И быстрым шагом он оставил меня, всё ещё прибывавшую в замешательстве. Я подняла взгляд на дверь изолятора и увидела в небольшом окошке лицо мальчика. В нём уловимо читалась надежда, которая тут же угасла, сменившись тем же каменным выражением лица. Мальчик спрыгнул на пол и удалился в дальний угол своей темницы.
* * *
Чистое, без единого облачка, ночное небо переливалось скоплениями ярких точек. Звёзды словно подмигивали необременённым интеллектом людишкам оставить свои никчёмные, ни к чему не ведущие занятия, чьи достижения, в конце концов, рассыплются в прах и, глядя на них, наконец, задуматься о том, что действительно важно.
Но, не смотря на звёзды, устлавшую покрывалом подмёрзшую кашу из осадков и редкие уличные фонари, на безмолвную станицу вновь опускался мрак. Он словно дожидался, когда сядет ненавистное солнце, дабы вновь обрести власть над этими землями и живыми существами.
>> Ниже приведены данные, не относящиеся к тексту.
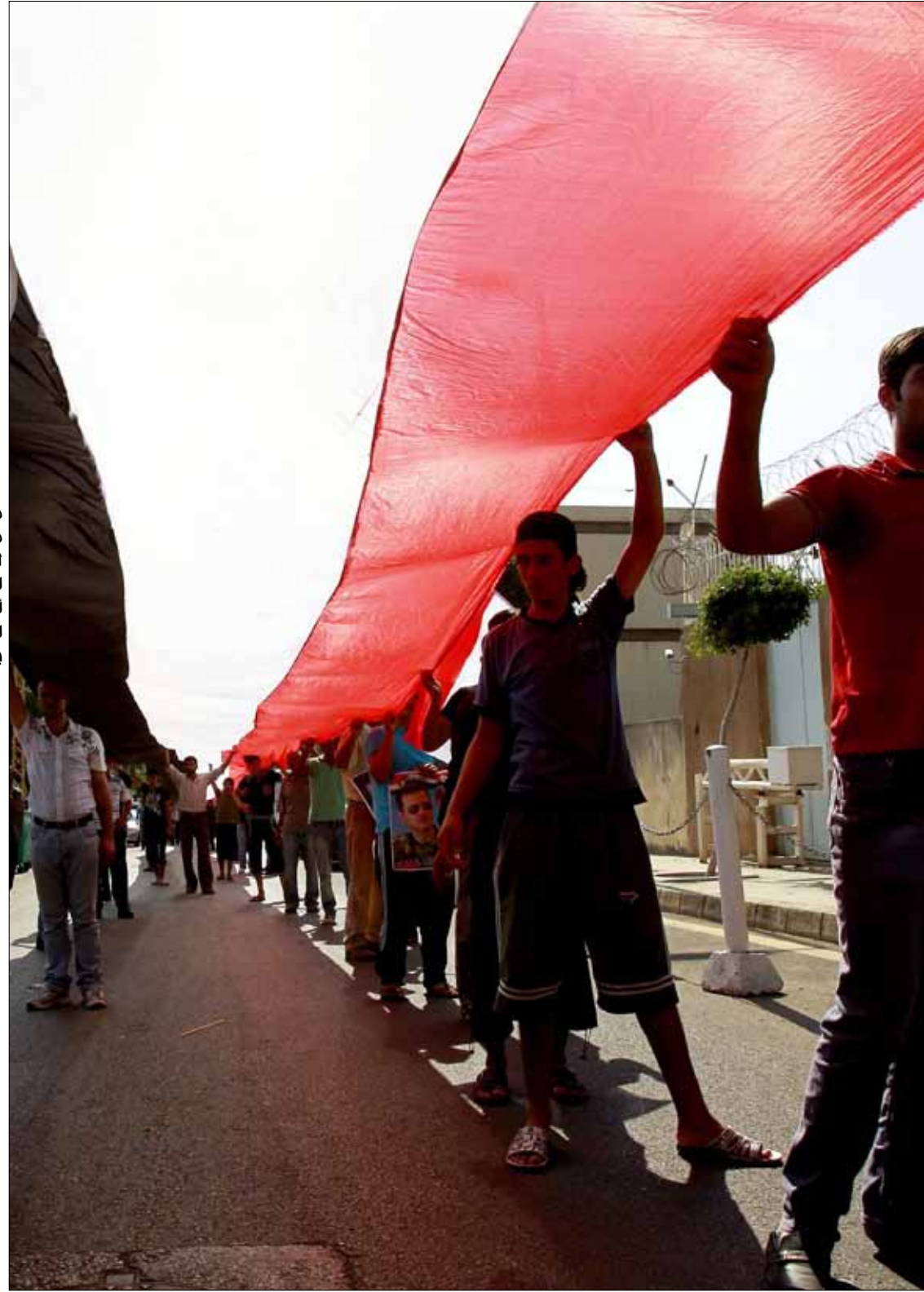
من تظاهرة مؤيدة للحكومة السورية أمام السفارة الروسية في بيروت

Смотря на чёрный туман, я невольно начинала задумываться, что за его пределами больше ничего не существует. И если что-то случится, никто и ничто не придёт нам на помощь. Только одна захудалая полуразрушенная деревушка посреди бесконечной ночи, не знающей сострадания. В плену у тьмы.
Переполненная мрачными мыслями и жутко уставшая после первого рабочего дня, я, наконец, вернулась домой. Хотелось попросту забить на все хозяйственные дела, закутаться поплотнее в одеялко и, закинувшись снотворным, проспать до самого утра без видений и болезненных воспоминаний. Отрешившись от всего этого грязного мира.
И всё же здравый смысл победил. Растопив котёл, на этот раз безо всяких эксцессов, я всё-таки отложила уборку на потом. Скромно поужинала и вместо физической разгрузки – валяния на кровати, выбрала моральную, пройдя в запылённый гараж.
R12 всё так и стоял, словно солдат поставленный на пост. Да и куда он мог уехать? Ни в чём не виноватый механизм, оставленный среди старых вещей и безысходности.
Я протёрла кожаное сидение и люльку от пыли и мусора и взгромоздилась на тяжёлую разведмашину. И хотя он не заводился и даже не горела фара, от махины так и веяло былой мощью и величием.